Domain exceptions are caught and transformed to HTTP responses in the API layer:

@router.post("", status_code=201)
async def create(dto: CreateUserRequest, usecase: CreateUserUsecase) -> UserResponse:
    try:
        return await usecase.execute(dto)
    except (InvalidUserError, InvalidEmailError) as e:
        raise HTTPException(400, detail=str(e))
    except UserAlreadyExistsError:
        raise HTTPException(409, detail="User already exists")

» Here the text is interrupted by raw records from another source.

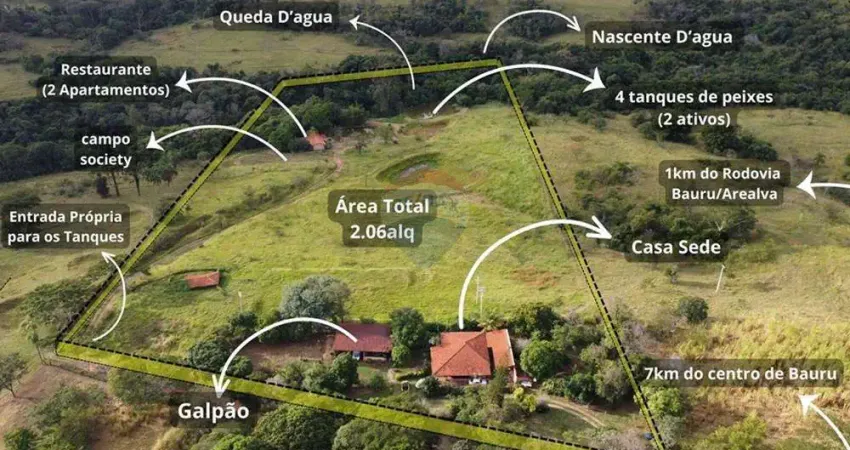Área Rural com 2,06 alqueires (aprox. 5 hectares) Potencial Comercial Pesqueiro, Restaurante e Lazer 2,06 Alqueires Próx. ao LEB e Centro de Bauru, apenas 7 km do Centro de Bauru
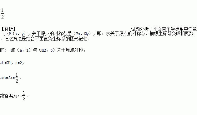 若点(a,1)与(-2,b)关于原点对称,则ab=________.
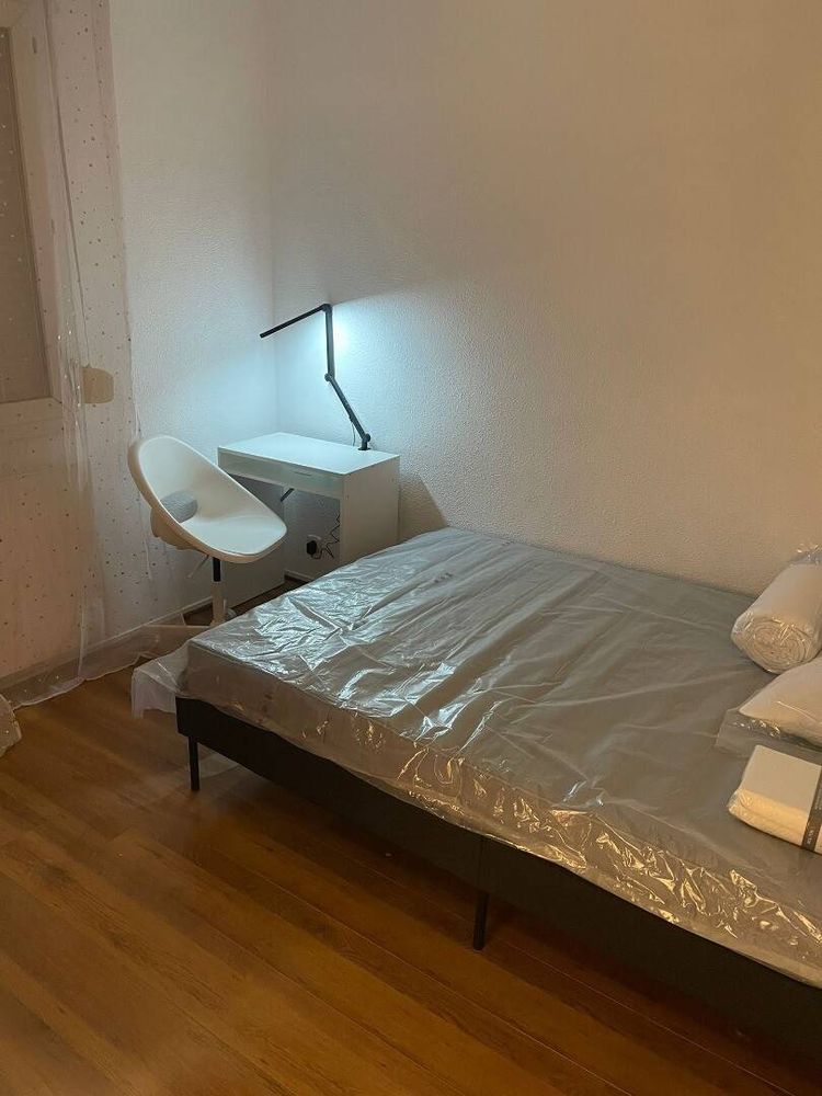 Chambre individuelle d'environ 11 m2 , comportant : un lit 2 places, matelas 2 places, couette, oreillers, un bureau, lampe de bureau, chaise de bureau, un dressing. Et elle a une vue sur l'espace vert de la résidence.

Q: What's the testing strategy?

  • Unit Tests: Use MagicMock and AsyncMock to test domain logic in isolation
  • Integration Tests: Test full stack with real database
  • Coverage: All layers have appropriate test coverage
@pytest.fixture
def mock_user_repo():
    repo = MagicMock()
    repo.save = AsyncMock()
    repo.get_by_email = AsyncMock(return_value=None)
    return repo

Q: Why use SQLModel with Alembic?

  • SQLModel: Type-safe ORM that integrates with Pydantic and FastAPI
  • Alembic: Robust migration system for schema evolution
  • PostgreSQL: Production-ready database with ACID compliance

Development Workflow

Q: How do I add a new feature?

  1. Define value objects for new domain concepts
  2. Create/update entities with business rules
  3. Add ports for external dependencies
  4. Implement use cases for business operations
  5. Add infrastructure (repositories, API endpoints)
  6. Write tests at appropriate layers

Q: How does dependency injection work?

FastAPI's Depends system manages dependencies:

CreateUserUsecase = Annotated[
    CreateUserUsecaseClass,
    Depends(
        lambda uow=Depends(get_user_uow), hasher=Depends(get_hasher):
        CreateUserUsecaseClass(uow, hasher)
    )
]

Q: What are pre-commit hooks?

Automated code quality checks before each commit:

  • Formatting with Ruff
  • Type checking with MyPy
  • File validation (YAML, JSON, TOML)

Install with make pre-commit-install, bypass with git commit --no-verify when needed.

Q: How is configuration managed?

Pydantic Settings provides type-safe configuration with validation:

class Settings(BaseSettings):
    ENV: Literal["test", "dev", "prod"] = "dev"
    DB_URL: str  # Required, validated
    JWT_SECRET_KEY: str

    model_config = SettingsConfigDict(env_file=".env")

Common Issues

Q: Why does /auth/token require form data instead of JSON?

OAuth2 specification mandates form-encoded data for the password flow. This ensures compatibility with OAuth2 tools and clients.

Q: How do I handle validation errors in API endpoints?

Catch value object exceptions and transform them to appropriate HTTP responses. See error handling example above.

Q: When should I create a new value object?

When you have:

  • Domain concepts with validation rules
  • Data that should be immutable
  • Primitives that appear together frequently (e.g., Money with amount and currency)

This architecture ensures separation of concerns, type safety, and maintainability while keeping business logic pure and testable.